The Real Secret to Better Sex
All of my friends follow and RT their zodiac sign on Twitter. It’s so bizarre to me, because back in the day, people would make fun of you if you were into astrology. These days, it seems like everyone I know puts at least a little stock in it. And when I finally gave in and followed my zodiac sign (Aries) on Twitter, I realized why.
While there are definitely people who don’t fit their signs, the people I know fit their signs to a T, so reading the tweets of the zodiac accounts is like hearing your life story come out of the mouths of strangers.
The other day, one of the Aries accounts tweeted:
“An #Aries can’t deal with someone that complains about everything instead of doing something about it.”
And it’s so very true. There’s nothing that makes me crazy like listening to someone complain over and over and over again about something they hate about their life, only to find out later they’ve taken no steps to correct it.

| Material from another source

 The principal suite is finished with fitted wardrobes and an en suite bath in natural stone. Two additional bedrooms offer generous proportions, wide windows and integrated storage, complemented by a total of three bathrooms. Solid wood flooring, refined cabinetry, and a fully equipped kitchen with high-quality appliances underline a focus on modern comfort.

I asked my followers, “If you had one question you wanted answered about sex and/or relationships, what would it be?” and one of the questions was, “Why are so many people happy with s*&$%y sex and/or relationships?” And you know, that’s a damn good question. One I think about a lot.

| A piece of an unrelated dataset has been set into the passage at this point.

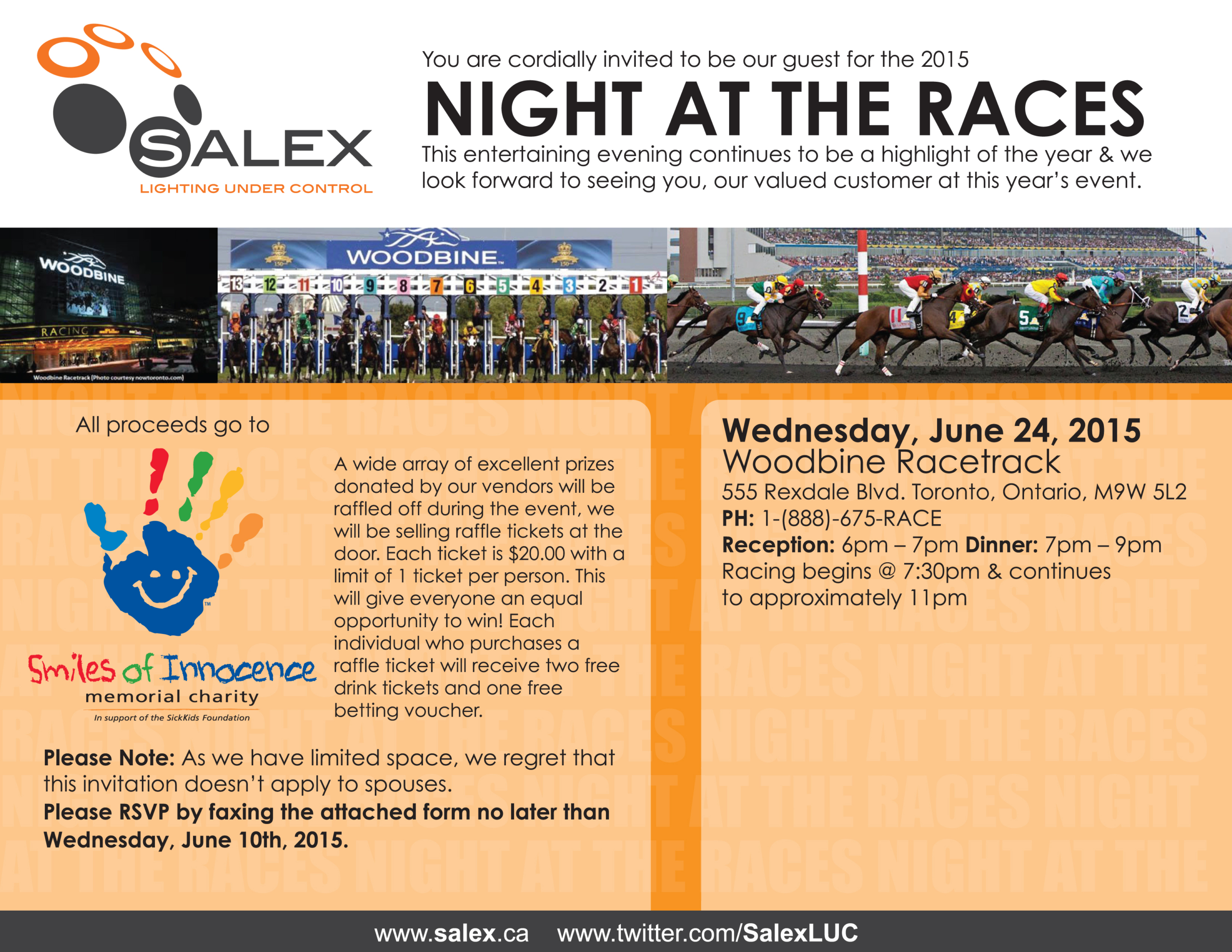 For the past 10 years, Salex has been proudly supporting The Hospital for Sick Children through our exciting Night at the Races event. An evening of fun, philanthropy and mingling with colleagues at Woodbine Racetrack, our annual fundraiser sees close to 200 attendees from the lighting specification industry, including landscape architects, lighting designers and engineers.

Last year, while watching my timeline fly by, I saw someone tweet the secret to better sex and orgasms. It was “Do it yourself.” I think I may have literally banged my head on my desk. I don’t understand why people are more comfortable enduring crappy sex and mismatched partnerships than going after what they need and deserve – either by talking to their partner about what they’re not getting from them, or, if that doesn’t work out, finding a new partner.
Bottom line: It doesn’t matter who you’re with, how many relationships you’ve had, how much you’ve dated, how much life you’ve lived. If you can’t comfortably open up to your partner(s), your relationships and/or sex will always suck. People aren’t psychic. We have to get to know each other to give our partners what they need. And sometimes, that means we have to outright tell them, “I need this from you…”

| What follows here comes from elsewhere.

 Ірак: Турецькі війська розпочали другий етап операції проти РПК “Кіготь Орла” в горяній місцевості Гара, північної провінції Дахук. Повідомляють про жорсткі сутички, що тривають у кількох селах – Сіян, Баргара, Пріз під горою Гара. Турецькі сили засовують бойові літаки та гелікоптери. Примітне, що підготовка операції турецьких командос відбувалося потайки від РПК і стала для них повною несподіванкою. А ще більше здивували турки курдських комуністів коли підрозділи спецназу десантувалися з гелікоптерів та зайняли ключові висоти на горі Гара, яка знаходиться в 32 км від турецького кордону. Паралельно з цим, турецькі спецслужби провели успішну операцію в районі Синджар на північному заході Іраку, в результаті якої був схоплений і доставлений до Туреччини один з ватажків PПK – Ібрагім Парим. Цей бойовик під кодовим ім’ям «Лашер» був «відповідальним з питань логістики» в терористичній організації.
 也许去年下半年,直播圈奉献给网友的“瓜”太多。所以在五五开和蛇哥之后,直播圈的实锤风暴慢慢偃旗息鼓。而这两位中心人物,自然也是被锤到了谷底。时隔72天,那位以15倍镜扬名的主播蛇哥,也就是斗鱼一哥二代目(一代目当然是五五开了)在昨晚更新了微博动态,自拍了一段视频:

What’s more, we’re living in a time of serial monogamy. People feel like they have to be in a relationship to be worth anything. And they’ll stick it out in a bad relationship for any number of reasons ranging from a fear of being alone to a fear of the person they’re with.
This is asinine. Unless you’re married (and sometimes not even then, depending on the situation), you’ve got no obligation to stick around for anyone but yourself. If you’re not happy, and there’s no fixing it, you are allowed to leave. That’s how life works.
I don’t care who you are, or what you’ve done in the past (excluding, like, violent crime and stuff). You deserve happiness, and you should actively pursue it. Even if that means moving on.
And that’s all I’ve got to say about that.